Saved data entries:
□ □ □ □ □

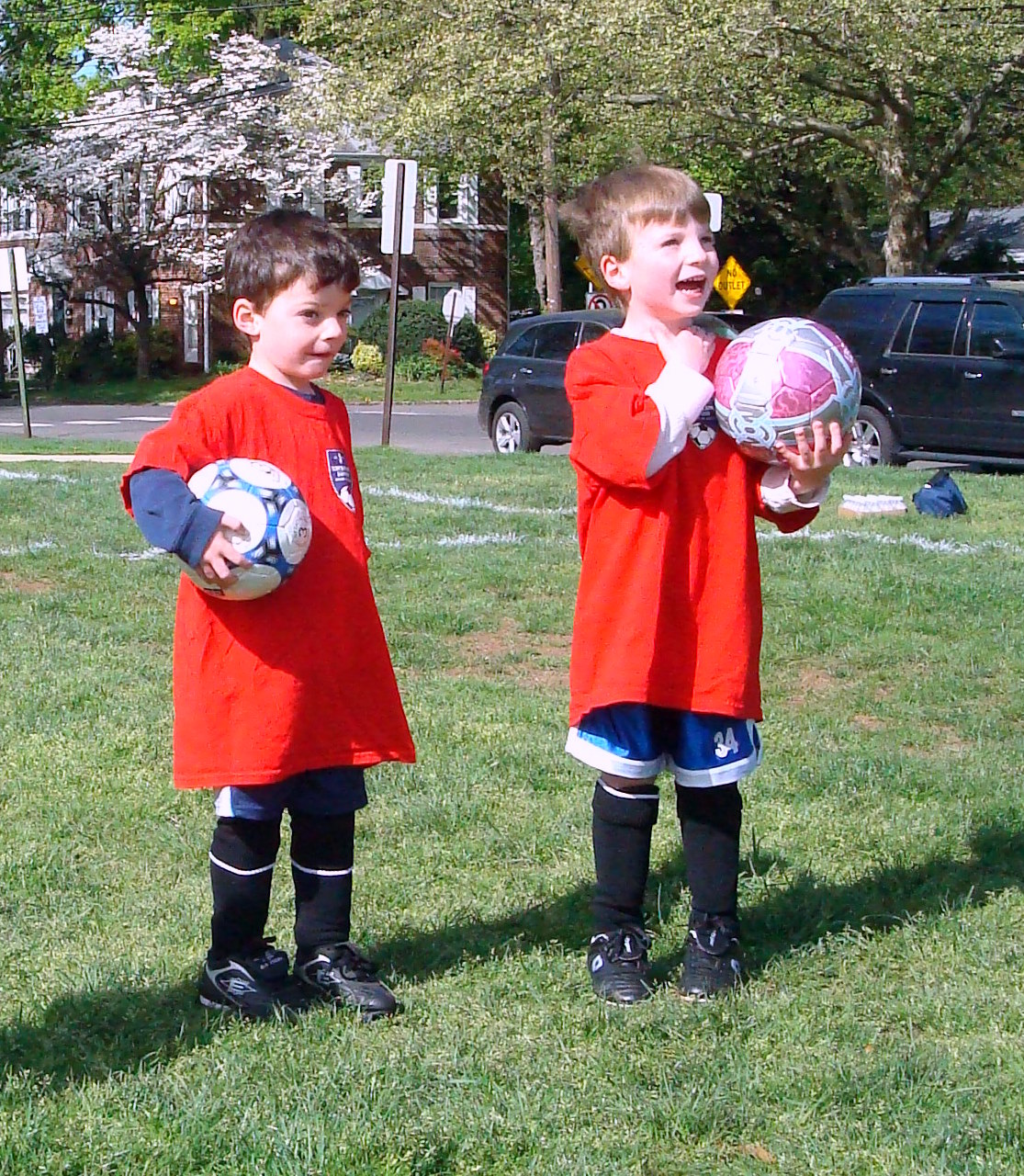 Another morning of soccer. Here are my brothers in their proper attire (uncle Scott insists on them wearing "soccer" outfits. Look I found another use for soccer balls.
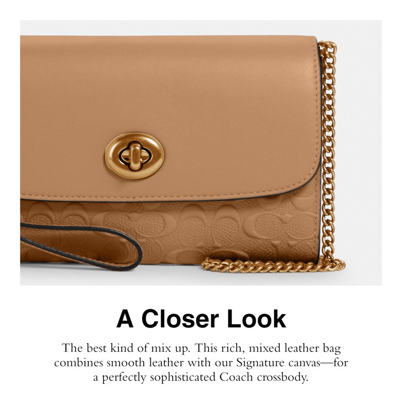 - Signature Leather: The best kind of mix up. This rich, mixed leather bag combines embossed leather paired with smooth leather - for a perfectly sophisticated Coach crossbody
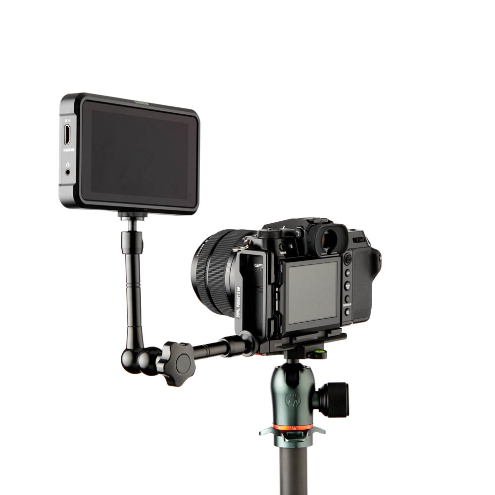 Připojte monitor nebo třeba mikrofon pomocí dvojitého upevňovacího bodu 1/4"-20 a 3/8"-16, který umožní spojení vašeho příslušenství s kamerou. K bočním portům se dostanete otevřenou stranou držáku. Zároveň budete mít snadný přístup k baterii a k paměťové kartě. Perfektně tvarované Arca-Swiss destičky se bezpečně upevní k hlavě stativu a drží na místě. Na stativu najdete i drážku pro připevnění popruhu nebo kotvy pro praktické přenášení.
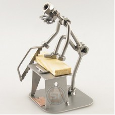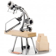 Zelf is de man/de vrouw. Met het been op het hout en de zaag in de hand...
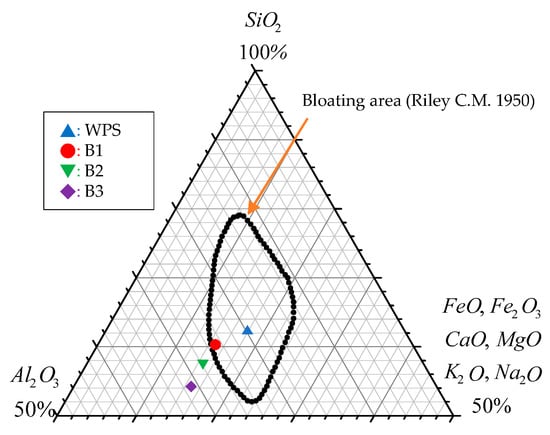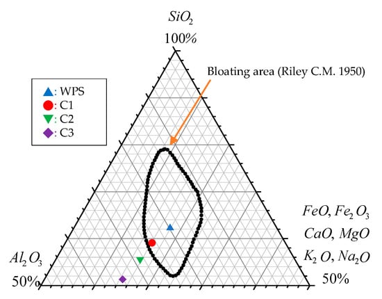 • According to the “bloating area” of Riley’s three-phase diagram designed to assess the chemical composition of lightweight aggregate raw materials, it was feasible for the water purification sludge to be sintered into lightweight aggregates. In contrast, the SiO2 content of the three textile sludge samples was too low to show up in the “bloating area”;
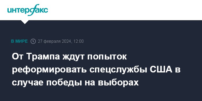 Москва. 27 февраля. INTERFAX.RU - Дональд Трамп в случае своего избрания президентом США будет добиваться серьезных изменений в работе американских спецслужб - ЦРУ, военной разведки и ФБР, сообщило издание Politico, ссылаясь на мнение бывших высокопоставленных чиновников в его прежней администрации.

□ □ □ □ □

### PROBLEM TO SOLVE
The copy should hold only the lines from the one with "- Signature Leather: The" through the one with "Zelf is de man/de", exactly as they stand above. Leave out the pictures.

### ANSWER FOR THIS EXERCISE
 - Signature Leather: The best kind of mix up. This rich, mixed leather bag combines embossed leather paired with smooth leather - for a perfectly sophisticated Coach crossbody
 Připojte monitor nebo třeba mikrofon pomocí dvojitého upevňovacího bodu 1/4"-20 a 3/8"-16, který umožní spojení vašeho příslušenství s kamerou. K bočním portům se dostanete otevřenou stranou držáku. Zároveň budete mít snadný přístup k baterii a k paměťové kartě. Perfektně tvarované Arca-Swiss destičky se bezpečně upevní k hlavě stativu a drží na místě. Na stativu najdete i drážku pro připevnění popruhu nebo kotvy pro praktické přenášení.
 Zelf is de man/de vrouw. Met het been op het hout en de zaag in de hand...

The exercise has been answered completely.